I would prob put this post in the service and maintenence forum... But it won't matter cause I have the answer ha ha I had the same problem and it's the A pillar of the car.. Next time you open your door look inside the jam where the hinges are you will see a black hinge thing it's the door stop and when it gets open too far it will bend the A pillar on the Car, not the door. First off make sure that's the prob just open your door and look in there and open and close ur door slightly and if you see the sheet metal moves if it does that's it.. I fixed mine by simply takeing Off the door stop from the a pillar pushing it in the door and takin a punch or the socket you used to take off the stop and a hammer and pound it back in I kind of put a few small dents in it to make it stronger, make SURE you pound on it where it's not seen because it will scatch the paint.

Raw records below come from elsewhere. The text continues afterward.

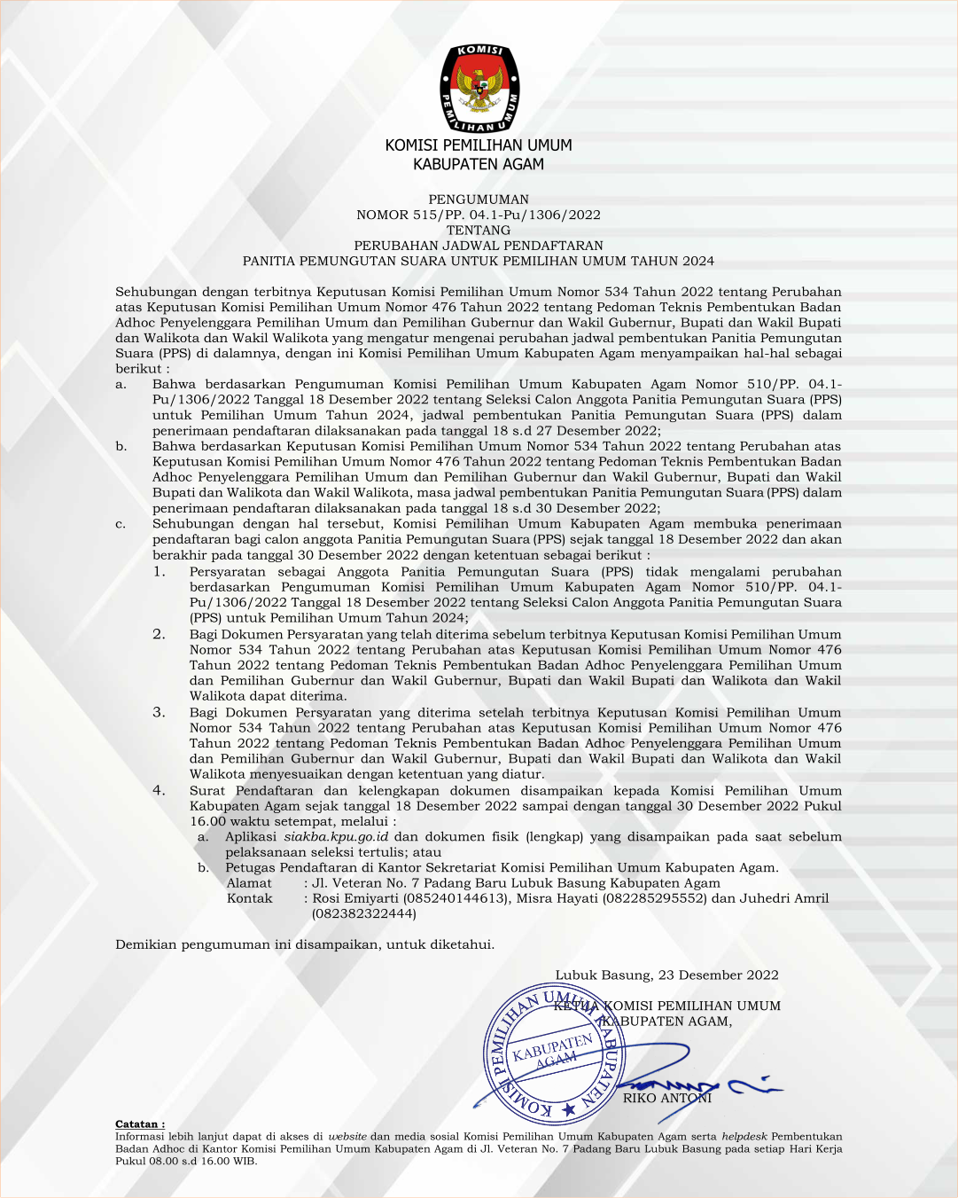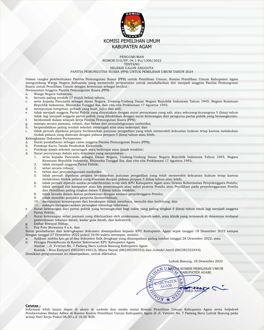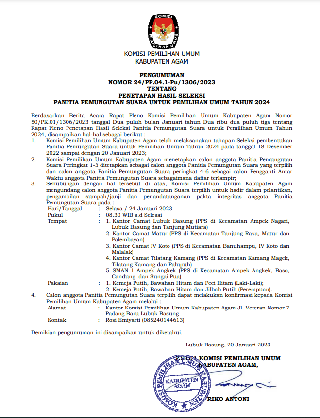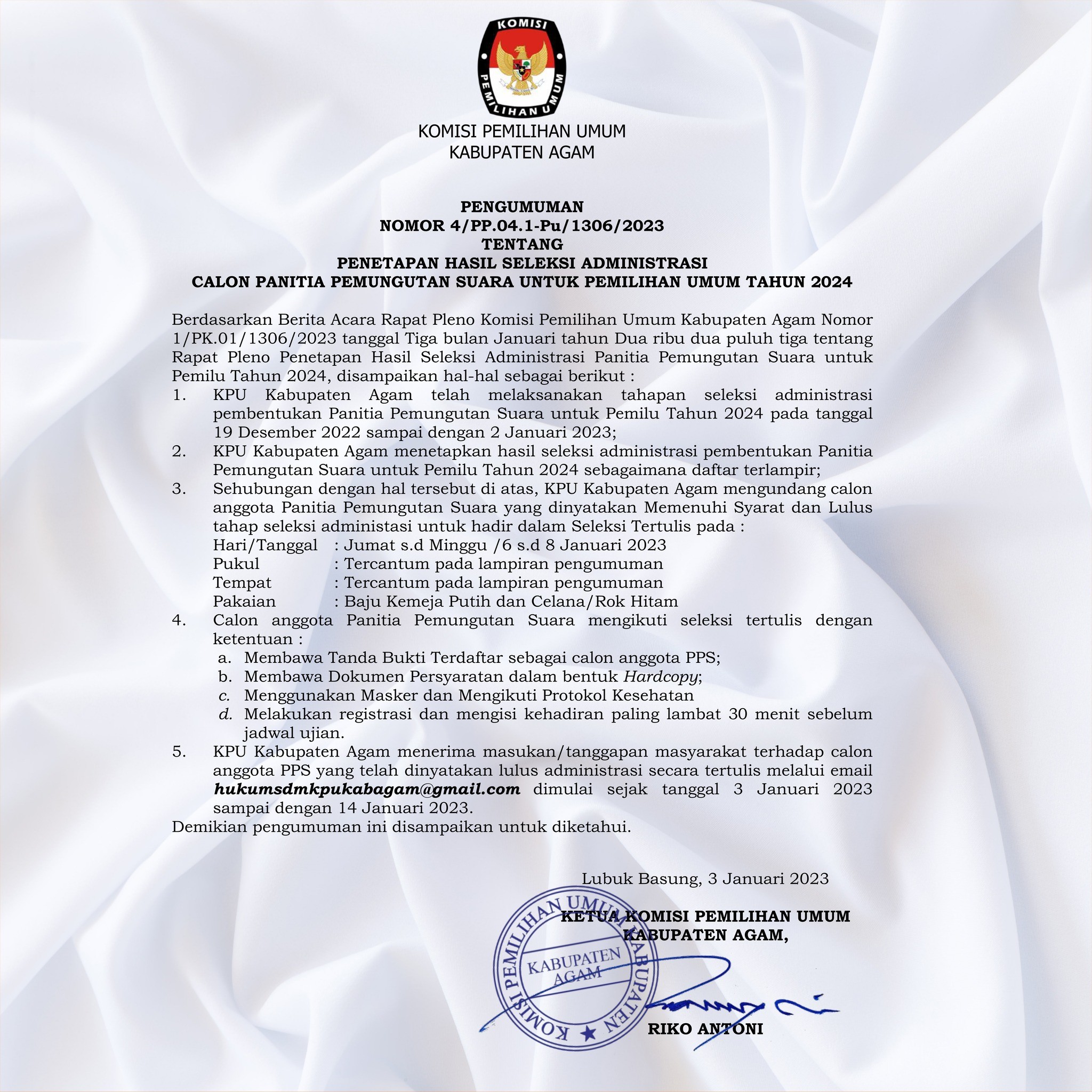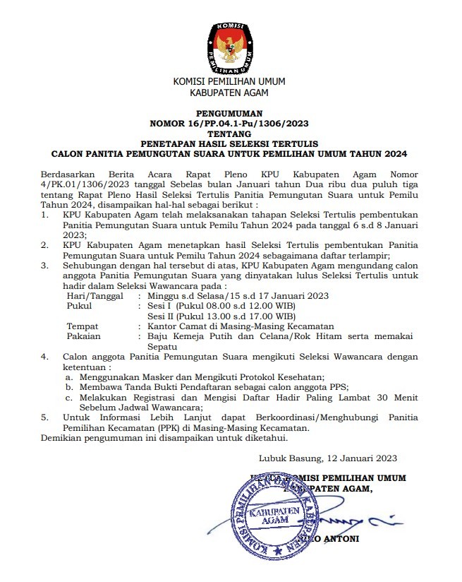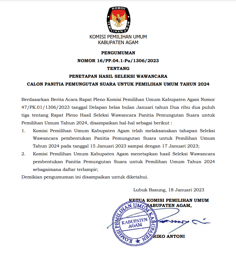 Berdasarkan Berita Acara Rapat Pleno Komisi Pemilihan Umum Kabupaten Agam Nomor 47/PK.01/1306/2023 tanggal Delapan belas bulan Januari tahun Dua ribu dua puluh tiga tentang Rapat Pleno Hasil Seleksi Wawancara Panitia Pemungutan Suara untuk Pemilihan Umum Tahun 2024, disampaikan hal-hal sebagai berikut : Berdasarkan Berita Acara Rapat Pleno Komisi Pemilihan Umum Kabupaten Agam Nomor 47/PK.01/1306/2023 tanggal Delapan belas bulan Januari tahun Dua ribu dua puluh tiga tentang Rapat Pleno Hasil Seleksi Wawancara Panitia Pemungutan Suara untuk Pemilihan Umum Tahun 2024, disampaikan hal-hal sebagai berikut : 1. Komisi Pemilihan Umum Kabupaten Agam telah melaksanakan tahapan Seleksi Wawancara pembentukan Panitia Pemungutan Suara untuk Pemilihan Umum Tahun 2024 pada tanggal 15 Januari 2023 sampai dengan 17 Januari 2023; 2. Komisi Pemilihan Umum Kabupaten Agam menetapkan hasil Seleksi Wawancara pembentukan Panitia Pemungutan Suara untuk Pemilihan Umum Tahun 2024 sebagaimana daftar terlampir.Download Disini
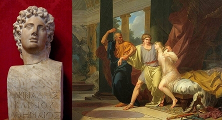 [향연]에서 등장하는 최고의 ‘꽃미남’ 알키비아데스는 소크라데스의 제자로도 유명하다. 그는 소크라테스를 끊임없이 (육체적으로) 유혹하지만, 소크라테스는 그 유혹을 뿌리친다. 알키비아데스의 그리스 조각을 모사한 로마 시대 조각(왼쪽)과 육체를 탐닉하는 알키비아데스를 끌고 나오려는 소크라테스(오른쪽, 장 밥티스트 레뇨, 1791)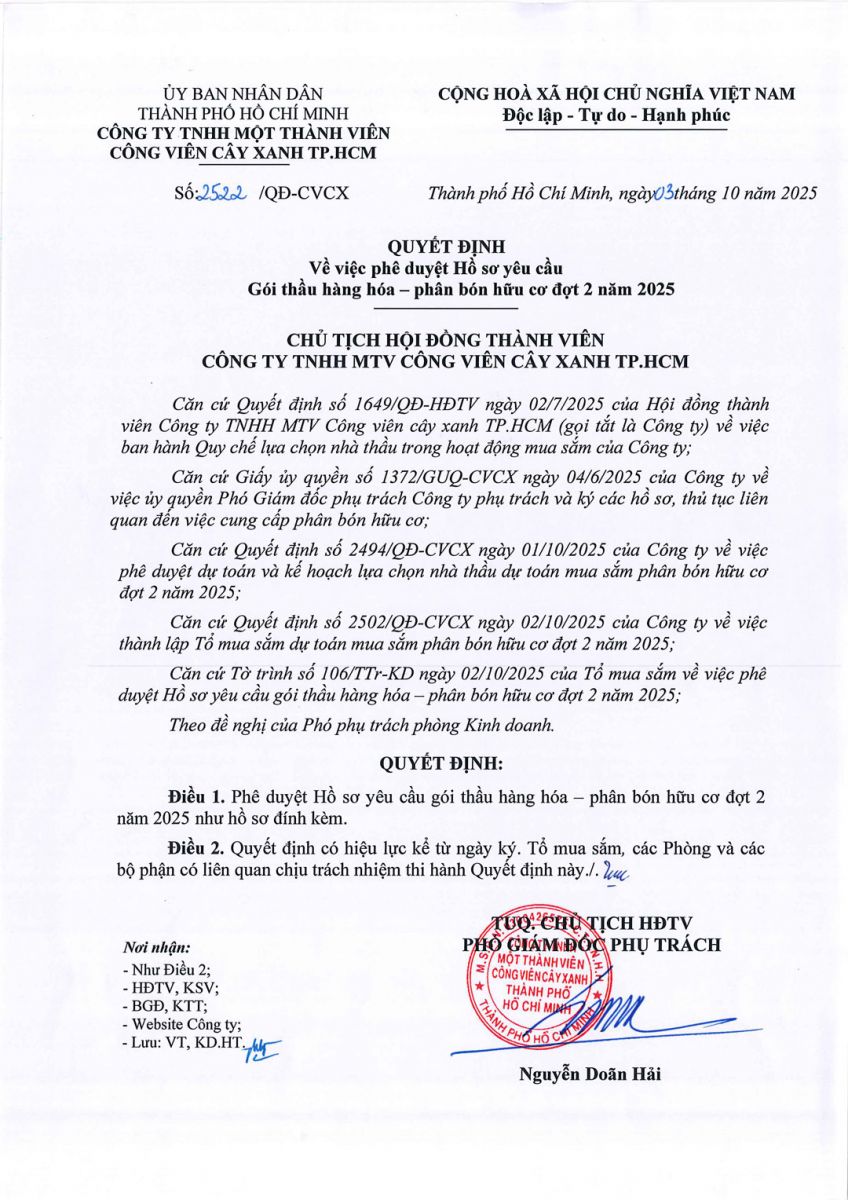 Quyết định số 170/QĐ-CVCX ngày 23/01/2026 của Công ty về việc phê duyệt kết quả lựa chọn nhà thầu Gói thầu vật tư hoa giỏ phục vụ công tác tháng 01/2026 của Công viên Trung Tâm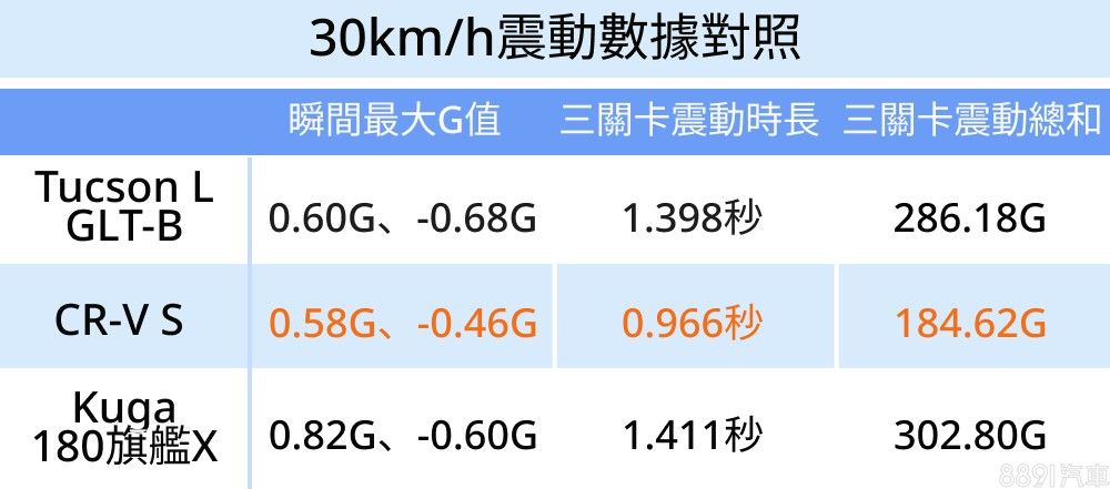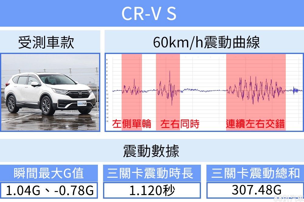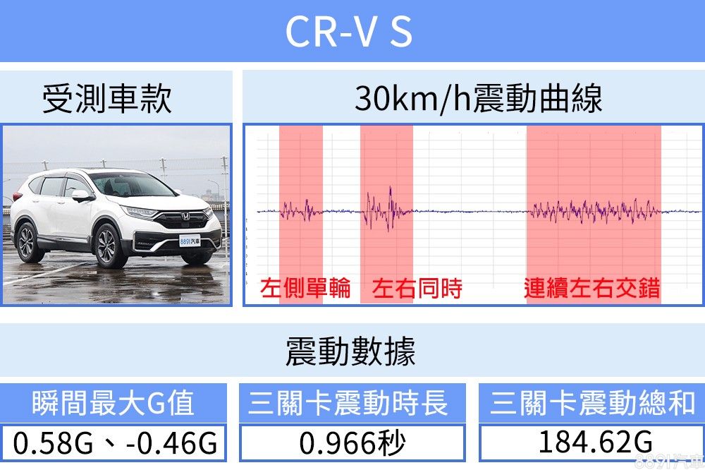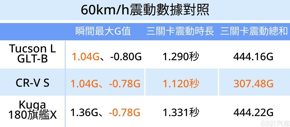 CR-V在60km/h測試依然維持著舒適本色,瞬間最大G值低、時長短,總和當然也就低,柔柔軟軟的調性最貼近消費者心中的「舒適感」。
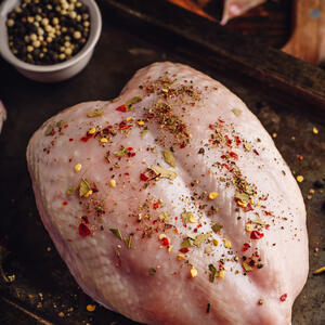 The next step is preparing the chicken breast. Pre-heat the oven to 425° F. Cover the tray with a baking sheet. Season the chicken with a pinch of black pepper and 1 teaspoon of cumin, then pour 1 tablespoon of olive oil on top of it. Roast for 15–18 minutes, until the chicken is cooked through.
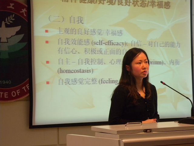 特尔格乐同学,我校机电学院机械电子工程专业07级本科生。她来自内蒙,蒙古族。从小学、中学都是用蒙语接受教育的她,在进入大学后,勤奋学习,成绩优秀,大学英语四、六级更是一次性通过。她着眼于从预科到本科的过渡,向同学介绍了如何通过自身“内部环境”的调节来应对“外部环境”的变化。
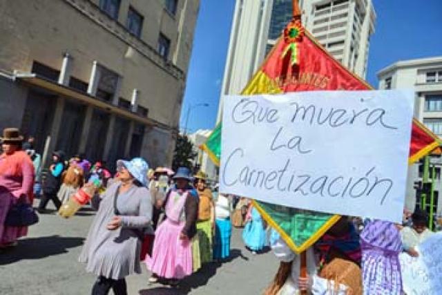 Gremiales marchan en contra de la carnetización en La Paz. /Foto: Jornada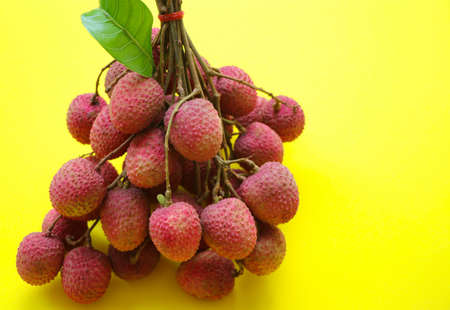 Closed up group of Lychee pink color with leave fresh fruit on yellow background
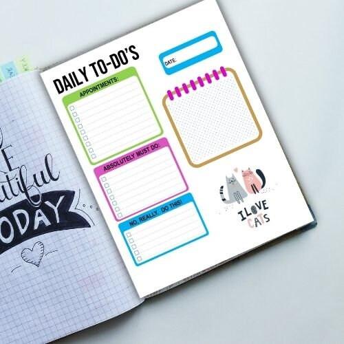 This ADORABLE I Love Cats To Do List Daily Planner Note Page will add a FUN touch to all of your journals and planner notebooks.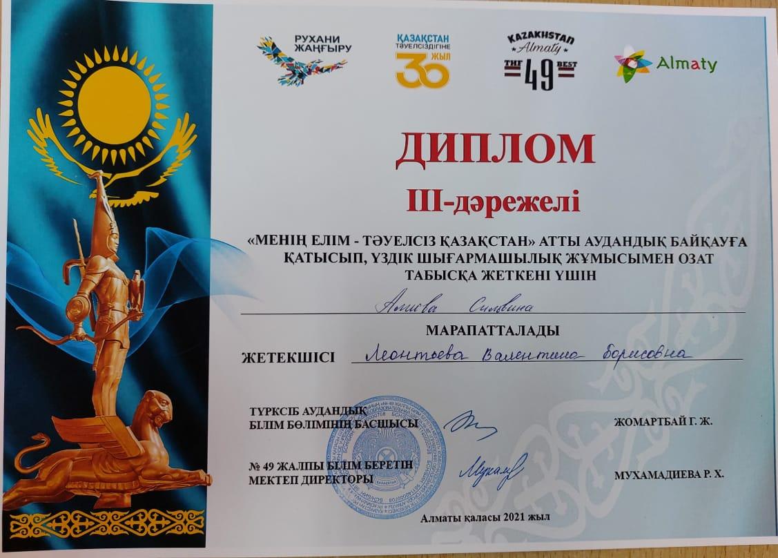 Диплом Биология пәнінен 2 орын/Диплом 2 место по биологии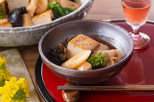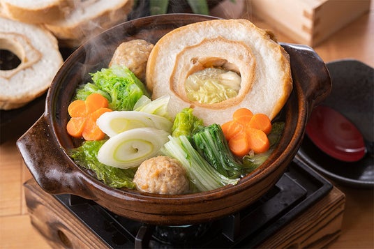「加賀麩と鶏つみれのお好み鍋」。2種類の出汁からお好みを選んで卓上で火にかけて熱々をお楽しみください。ほっとする味わいを好まれるシニアの方にも満足いただける美味しさも並びます。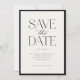 Simple Elegant Black White Script Photo Save the Date dispose d'une bordure solide, entouré d'un type moderne qui comprend un script de calligraphie.

Also be Very carful not to open the door too far when you have this off or you will be sorry cause the door will open all the way into the fender


----------



## badgoat91 (Jul 13, 2009)

the door hinge is just loose, it doesent look like it, but tighten it down all the way and the noise will leave, mine did this 2


----------



## 06cyclonegto (Jun 7, 2010)

thanks guys. i got it fixed i checked out what you both said and it was the door slide was loose inside hinge, the bolts was almost ready to fall out. i could turn them with my hand. 
But i also checked out the door hinges are was suggested and it looked fine.
thanks again guys that had me concerned there.
Charles


----------